Greg shut his eyes once again while he sipped. He breathed and at the same time wished that he didn’t have the privilege of doing so. Laura didn’t. His throat felt dry despite the liquid he was feeding it. He felt drunk now even though he had only had one and a half Martini’s. Greg took another sip welcoming haze that was unfolding in his brain. He wanted to forget Laura.
After quitting drinking, Laura and him had talked on the phone every day. She had visited and they had laughed. Greg couldn’t believe that he had stopped drinking and was just in awe of the loving stabilizing power Laura had over him. He had everything he needed. Laura had planned to move permanently to Sacramento into Greg’s apartment.

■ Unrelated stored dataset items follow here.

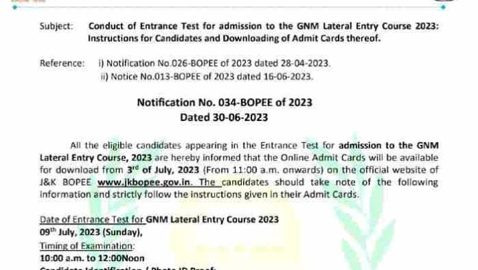 Lateral Entry Course, 2023 are hereby informed that the Online Admit Cards will be available for download from 3rd of July, 2023 (From 11:00 a.m. onwards) on the official website of J&K BOPEE www.jkbopee.gov.in. The candidates should take note of the following information and strictly follow the instructions given in their Admit Cards.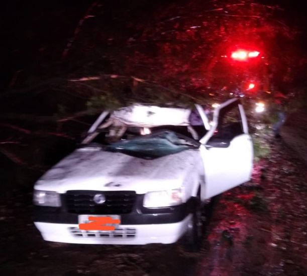 O condutor de um veículo Fiat Uno estava indo em direção ao Centro quando foi surpreendido por uma árvore caída sobre a pista, chocando-se violentamente contra ela. A causa do acidente foi o mau tempo.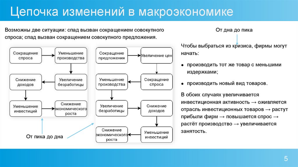 Цепочка изменений в макроэкономикеВозможны две ситуации: спад вызван сокращением совокупного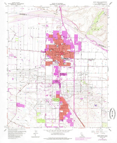 A 1959 historical topographic map of Santa Maria in California produced by the United States Geological Survey (USGS). It shows contour lines, place names, water bodies and roads. Map services and data available from U.S. Geological Survey, National Geospatial Program. Map was obtained from https...
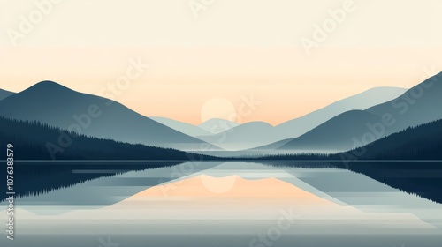 © Rouliiyy, Fototapeta premium Serene Mountain Lake at Sunset. Minimalist Flat Art.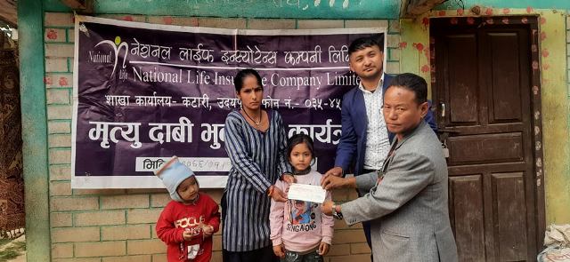 नेशनल लाइफ इन्स्योरेन्स कम्पनी कटारीका शाखा प्रमुख भक्त श्रेष्ठ तथा जीत बहादुर सुनुवार अभिकर्ता बिष्णु पोख्रेल, स्थानिय जनप्रतिनि भिम बहादुर बिक तथा स्थानियहरुको सहभागीमा रकम भुक्तानी गरिएको हो ।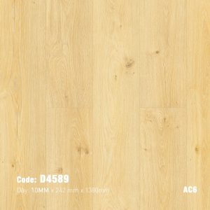 • Công nghệ Aqua: Yếu tố “Aqua” trong tên sản phẩm nhấn mạnh khả năng kháng ẩm được tăng cường. Mặc dù không phải là Sàn Gỗ Chống Nước hoàn toàn như sàn nhựa, nhưng với công nghệ này, sàn D4589 có khả năng chịu ẩm tốt hơn đáng kể so với sàn gỗ công nghiệp thông thường, cho phép ứng dụng ở các khu vực có độ ẩm cao hơn như sảnh ra vào, khu vực bếp (với điều kiện không bị ngập nước và tuân thủ quy trình lắp đặt).

The funeral seemed years ago to Greg as he sipped the last bit of his drink. The crack in the first glass caught his eye once again. He stared at it as if it might offer something to say to him. He remembered Laura and her cut finger. Through the blanket of drunk Greg realized why he had quit drinking. Laura had taught him that it isn’t the cut fingers that kill a person, it’s the way you go about fixing the cut finger that can kill you.
Greg stood up and shook a little. He was attempting to shake the two Martini’s that he had just finished. He vowed right then that he would never touch a drink again. Life isn’t worth dying over he thought to himself as he lifted the two olives clinging to the toothpick to his mouth. He sucked the first one off and chewed as he walked to the bar to pay his tab.
He mouthed the last Martini-doused olive and gave it a suck. Instead of sliding off the toothpick, the olive stayed put, allowing the red pimento to lunge into Greg’s throat and down his windpipe, blocking the precious air that Greg just minutes ago bitterly breathed. Greg stood there not breathing, the bartender with his back to him did not notice. Greg’s mind raced as oxygen retreated. He thought about alcohol and picture frames. He thought of cracked Martini glasses and amusing bar names. He mostly thought of Laura’s finger. He fell with a thud, his toothpick tink-tinking as his head met with the floor. Greg’s last thought was, “it won’t kill you.” The bartender turned away from his cash register and saw his only customer huddled on the floor, a pool of dark liquid slowly inching away from his head. Years later 2nd Dive would finally paint over the blood stained cement floor.